I introduced TLA+ to help understand underlying components in the OpenStack ecosystem and at small companies to solve thorny problems. It's well worth learning as it gives you a very different perspective on the design and construction of systems.

In addition to the books and sites mentioned here, there's also a video course with tutorial content produced by the creatore of TLA+: https://lamport.azurewebsites.net/video/videos.html

Hey! It sounds like you're using TLA+ in a consulting style role within small companies? How did you manage to get into that?

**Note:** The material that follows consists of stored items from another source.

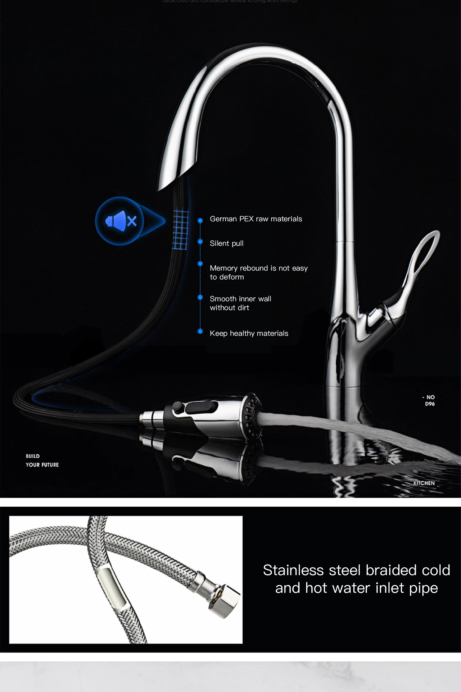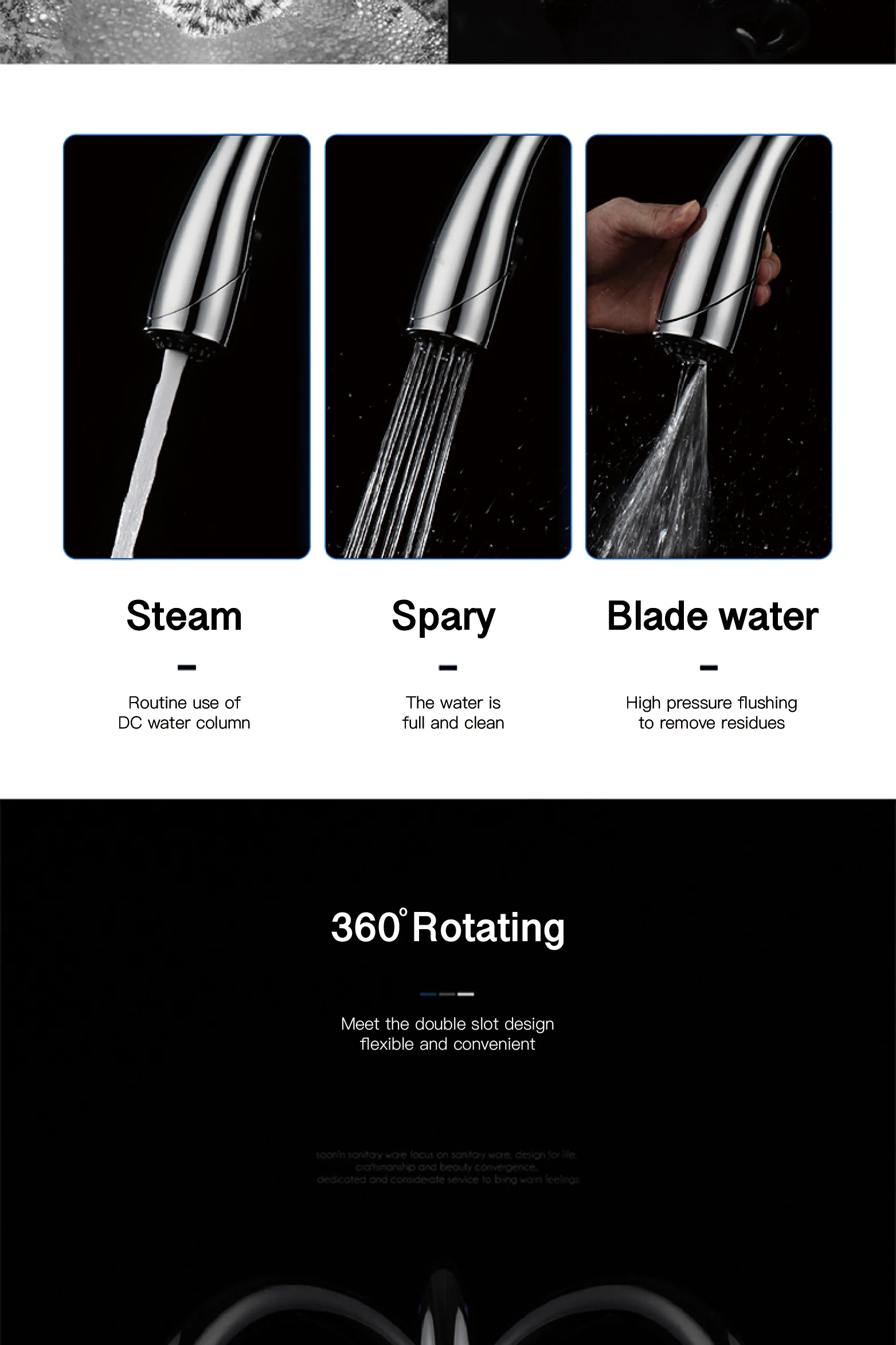 AITANA luxury gun gray brass pull-out kitchen faucet touch switch design single handle hot and cold water 3-function sink faucet
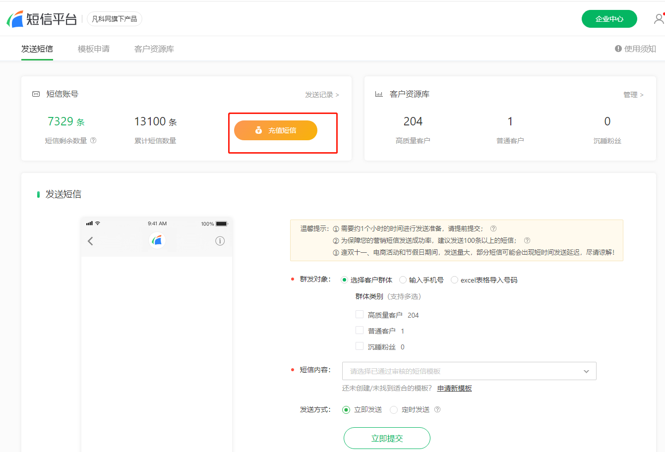 但需要留意短信剩余量。(点击“购买短信包”,可前往直接进入凡科短信平台购买短信包。)
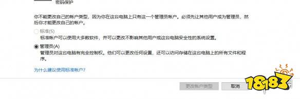 8、点击“更改账户名称”将新建的账户设置为“管理员”,将原来的账户设置为“标准”。
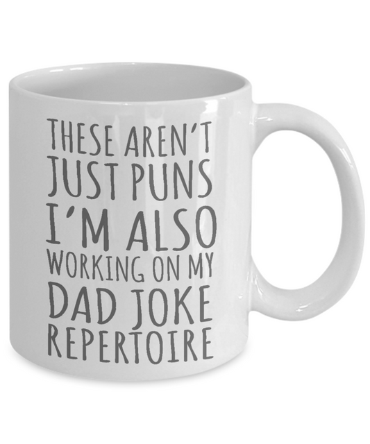 Dear Dad Coffee Mug, These Aren't Just Puns I'm Also Working On My Dad Joke Repertoire-White Porcelain Coffee Mug 11 oz
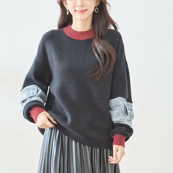 【M〜L】カラーネック×デニムスリーブニットトップス|配色リブ・体型カバー・大人カジュアル|TRUBE N15-258

How do you go from something like TLA+ to a common language and keep the correctness? Are assertions the only way?

One thing I'm wondering is whether (or rather, what kind of) bugs arise when you try to translate a model (described as "exhaustively tested pseudocode" elsewhere in this thread) into a real system. For example, if there is if-branch somewhere that gets missed etc?

I am the engineer who translated https://github.com/tlaplus/tlaplus/blob/master/tlatools/src/... into Java (https://github.com/tlaplus/tlaplus/blob/master/tlatools/src/...). The translation took me about half a day. Later, while running scalability experiments, a correctness bug intermittently showed up, on which I spent approximately two weeks to find the root cause. The two weeks included fixing around a dozen bugs in code that was not specified in TLA+. However, none of these bugs were correctness bugs and unrelated to the correctness bug. Eventually, I translated the TLA+ spec into input for Java Pathfinder, which found the cause of the correctness bug immediately: The Java translation contained an off-by-one bug in a for loops (TLA+ is one-indexed while Java is zero-indexed). I am still convinced that a code review would have found the bug and that JPF was a very heavyweight substitute for a fresh pair of eyes. In other words, the bugs that get introduced during the translation phase are shallow and easily corrected.

Note that no other bugs have been reported for the code since.

A TLA+ specification is generally a simplified model of a real system design. So issues can definitely arise when building the real thing, but model testing on a TLA+ spec can definitely help with quickly surfacing bugs that would exist even in a simplified design. Just don't expect it to do more than that.